This method is reliant on popular participation “civilian-based” and therefore does not include isolated acts or protest without an overarching organisation by a group of people. People power can be manifested as a small-scale protest or campaign for neighborhood change; or as wide-ranging, revolutionary action involving national street demonstrations, work stoppages and general strikes intending to overthrow an existing government and/or political system. With regards to tactics employed by People Power movements, both nonviolence and violence have been used throughout history: as was the case in the non-violent 1986 People Power Revolution in the Philippines which overthrew the Marcos régime, or the violent uprising in Libya in 2011.
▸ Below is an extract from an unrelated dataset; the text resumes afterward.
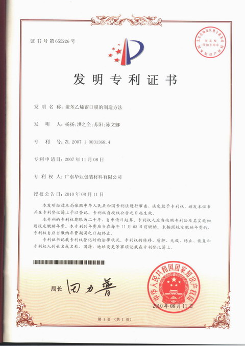2010年8月11日“聚苯乙烯窗口膜的制造方法”获得国家知识产权局的专利授权。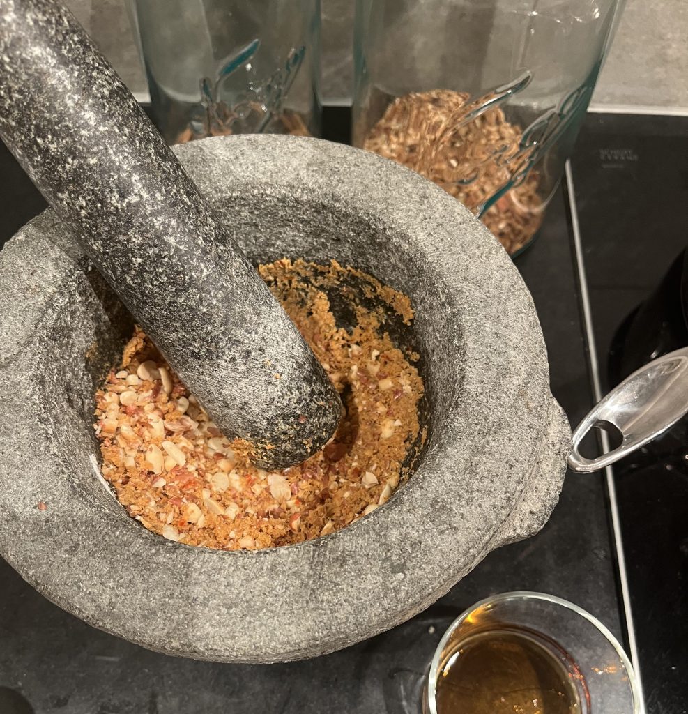 - Ha i ristet kokos og mortre til kokosen er helt knust

People power movements rely on popular participation and are therefore supported by civilians, as opposed to a governmental organisation or military wing. For this reason, academics and historians often consider the grassroots nature of people power movements, as they express the discontent of the governed.

== History ==
The earliest origins of people power protests are often identified as in “the third world, across at the second half of the twentieth century”. The socio-political and economic circumstances of this period popularised grassroots movements in the Third World. These circumstances include: a general trend in growing attention to human rights across the globe; advancements in communication technologies which allowed for dissemination of revolutionary ideas and organisational capabilities; minimal censorship of citizens by the government; among others. A specifically renowned instantiation of people power is the ‘flower power’ movement of the 1960s, which was organised in opposition to the Vietnam War.

== Goals ==
The general academic consensus is that people power movements are executed with the goal of changing the existing political structure in a given country, and in most cases, installing a democratic political system. As such, social movements or acts of protest which either have a goal unassociated with a political ideology, or incoherent movements with no end goal at all, are considered excluded from people power.

== Strategies ==
With regards to the numerous strategies carried out by people power activists, movements of this kind may involve violence and pacifism. Academic scholars recognise that because people power movements operate with the end goal of changing the existing political structure, if violence is to be used it will be “pragmatic or strategic” rather than principled non-violence. Pragmatic non-violence can include “non-physical pressures” or other measures to “undermine the opponents power”. As such, the category of people power cannot be applied to protests which are ends in themselves to exclusively promote a nonviolent philosophy. Rather, people power will use violent or nonviolent strategies — or both — to achieve desired outcomes with specific political goals. A case in point is the EDSA Revolution in the Philippines of 1986, which although was intended to be a peaceful revolution, actually adopted violent tactics. Historically, when compared to violent campaigns, more cases of non-violent people power movements have succeeded in achieving their political goals as they gain wider resonance with audiences outside the movement.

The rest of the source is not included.